* **About this task**: Lines from the one containing "toilet with tropical" through the last line of the data are to be returned exactly, both ends included, minus any pictures.
---- Dataset extract
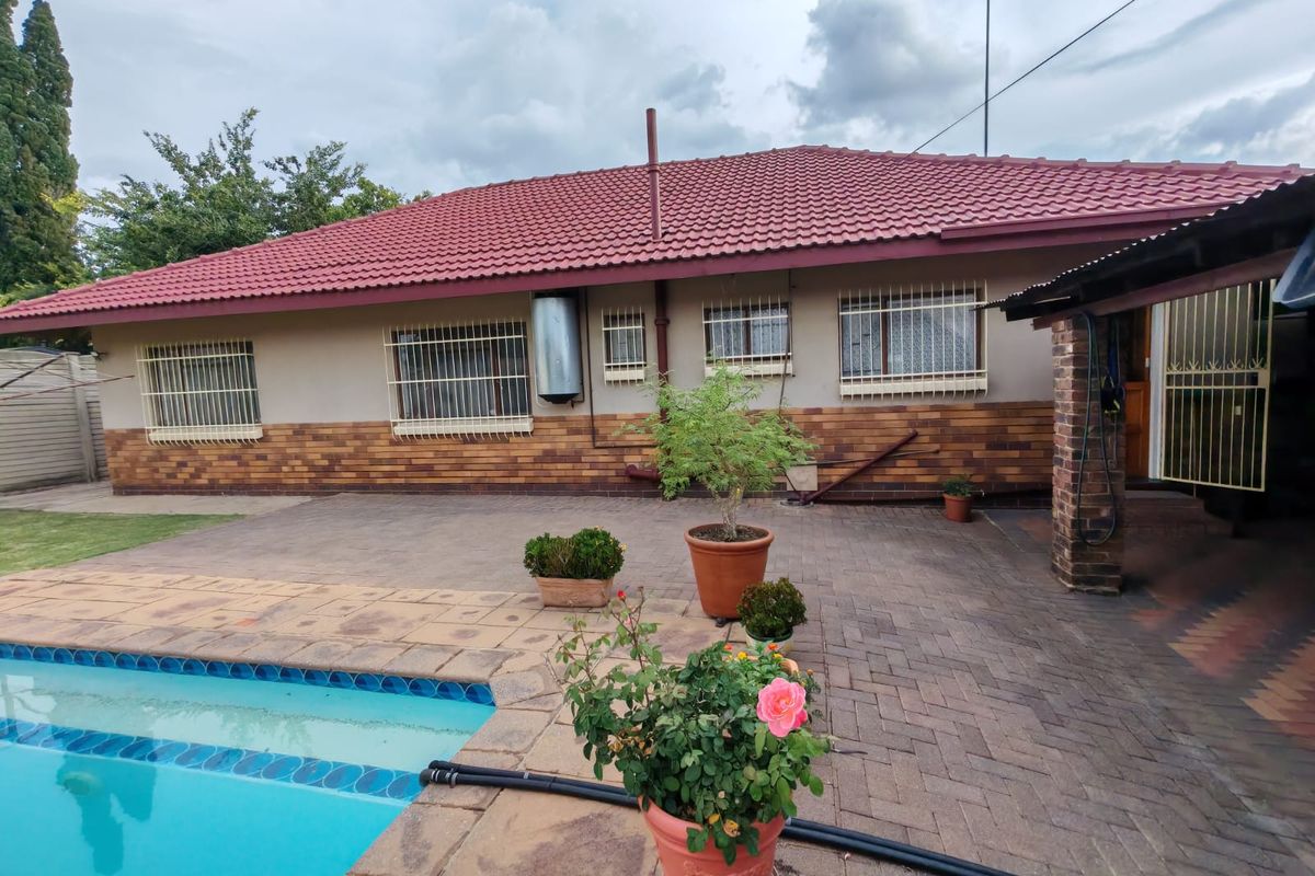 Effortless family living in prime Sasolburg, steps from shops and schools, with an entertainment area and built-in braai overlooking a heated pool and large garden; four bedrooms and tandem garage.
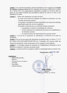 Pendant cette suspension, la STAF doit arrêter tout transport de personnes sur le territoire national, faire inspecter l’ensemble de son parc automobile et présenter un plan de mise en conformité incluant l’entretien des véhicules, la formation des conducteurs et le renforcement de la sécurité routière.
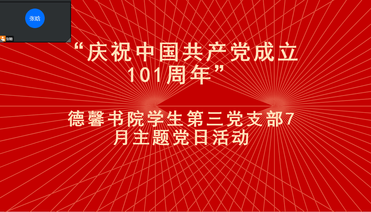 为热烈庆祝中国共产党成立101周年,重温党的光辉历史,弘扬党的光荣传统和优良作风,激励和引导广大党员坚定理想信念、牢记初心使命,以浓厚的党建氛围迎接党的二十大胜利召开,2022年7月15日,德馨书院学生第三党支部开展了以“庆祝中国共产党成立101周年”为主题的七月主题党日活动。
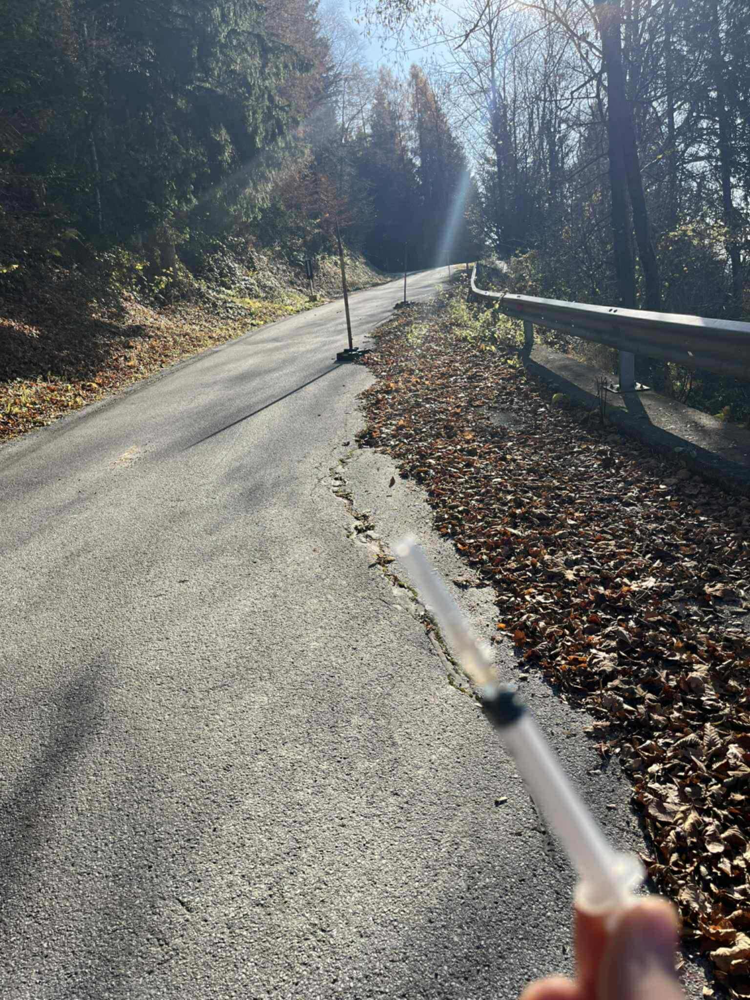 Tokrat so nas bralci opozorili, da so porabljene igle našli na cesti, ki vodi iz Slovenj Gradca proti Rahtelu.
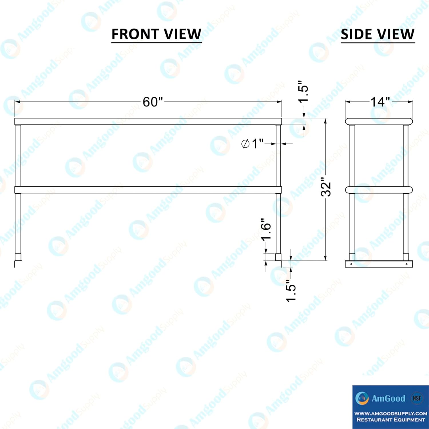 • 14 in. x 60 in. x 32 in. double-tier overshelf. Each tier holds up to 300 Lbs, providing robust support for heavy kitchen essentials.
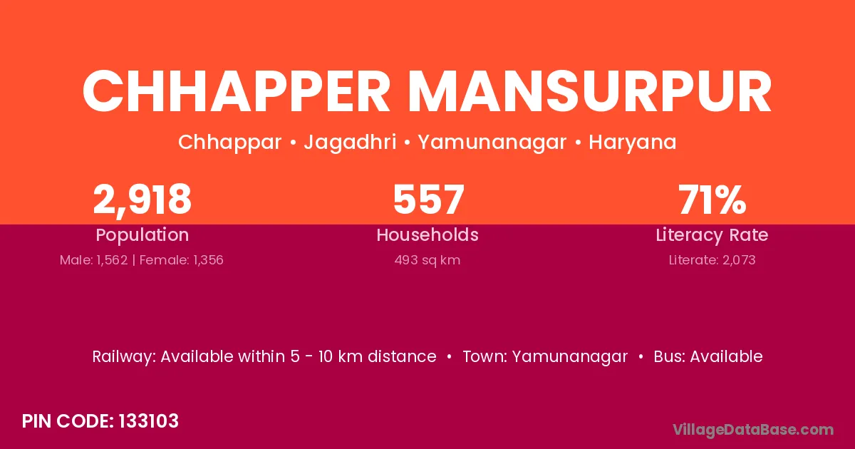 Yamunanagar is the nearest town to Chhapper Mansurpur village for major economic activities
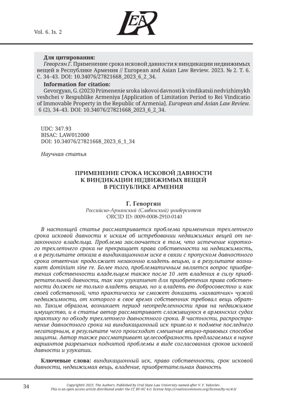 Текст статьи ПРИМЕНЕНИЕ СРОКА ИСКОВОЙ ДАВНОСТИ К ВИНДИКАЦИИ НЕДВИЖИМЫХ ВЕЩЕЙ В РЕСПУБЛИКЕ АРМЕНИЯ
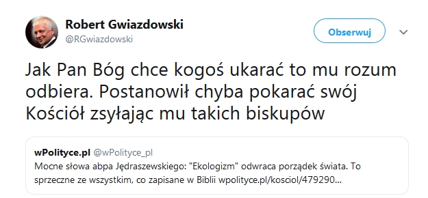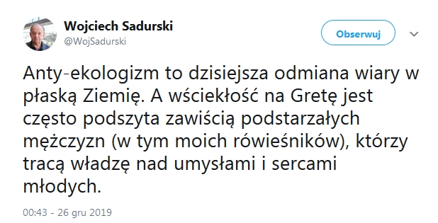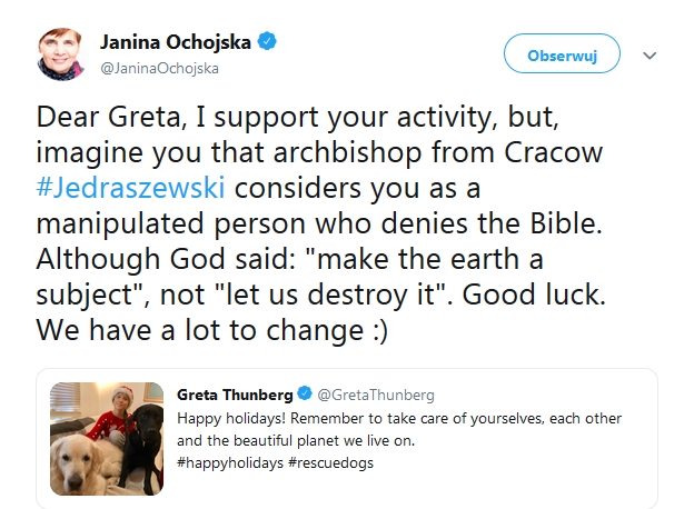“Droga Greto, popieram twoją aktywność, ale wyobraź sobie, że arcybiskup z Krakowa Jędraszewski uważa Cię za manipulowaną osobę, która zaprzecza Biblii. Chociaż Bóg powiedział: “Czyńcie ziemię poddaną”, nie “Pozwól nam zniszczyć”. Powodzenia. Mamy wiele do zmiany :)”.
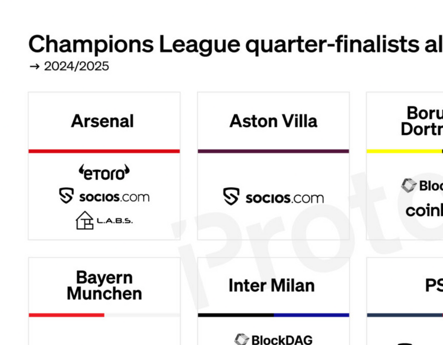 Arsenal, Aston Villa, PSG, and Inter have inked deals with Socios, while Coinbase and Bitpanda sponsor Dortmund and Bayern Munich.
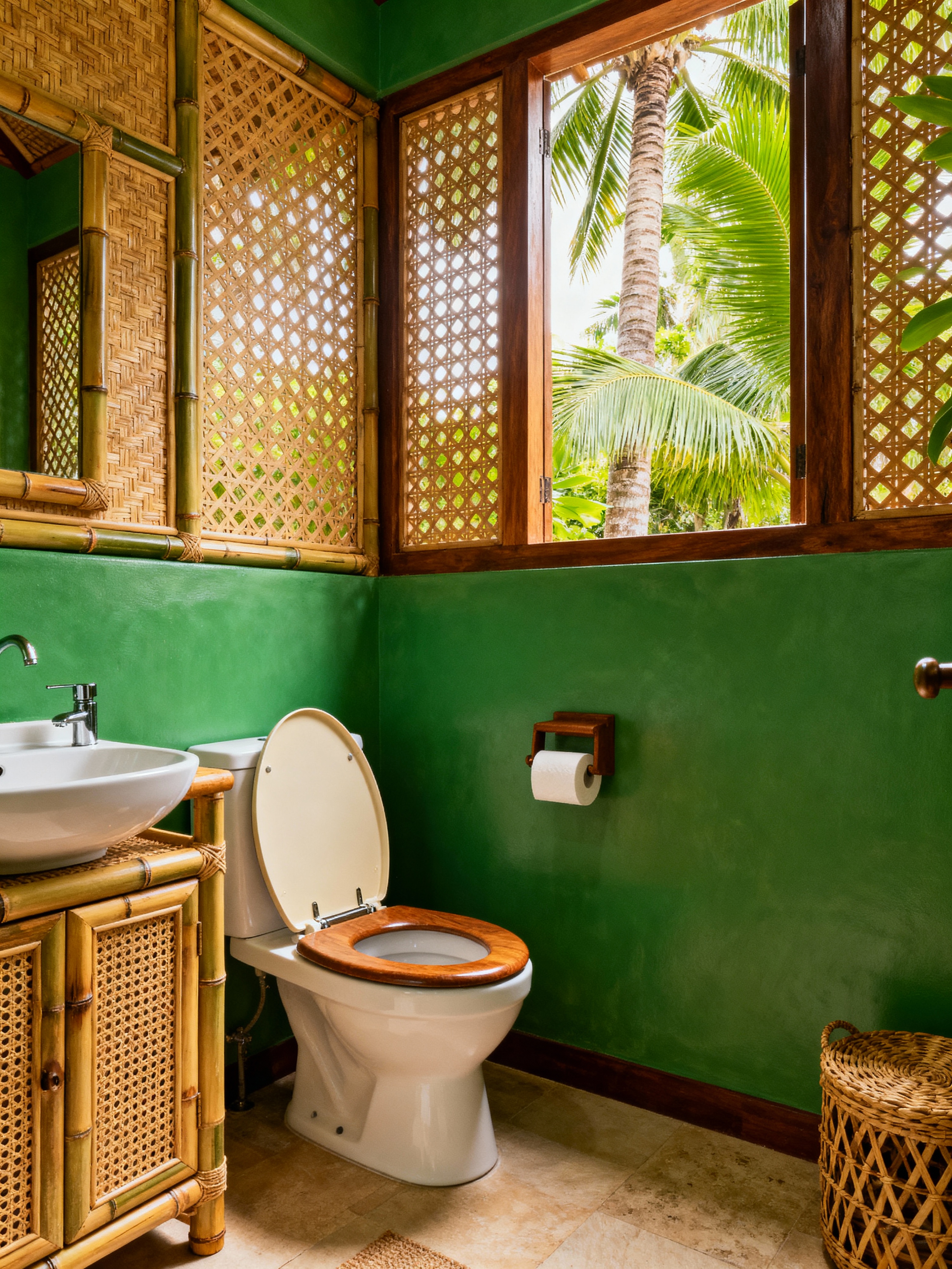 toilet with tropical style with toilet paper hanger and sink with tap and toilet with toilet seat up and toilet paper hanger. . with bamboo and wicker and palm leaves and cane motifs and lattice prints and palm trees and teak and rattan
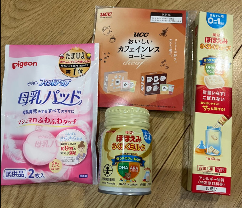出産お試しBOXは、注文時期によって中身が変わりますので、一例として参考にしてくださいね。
--------
* **Problem solution**:
 toilet with tropical style with toilet paper hanger and sink with tap and toilet with toilet seat up and toilet paper hanger. . with bamboo and wicker and palm leaves and cane motifs and lattice prints and palm trees and teak and rattan
出産お試しBOXは、注文時期によって中身が変わりますので、一例として参考にしてくださいね。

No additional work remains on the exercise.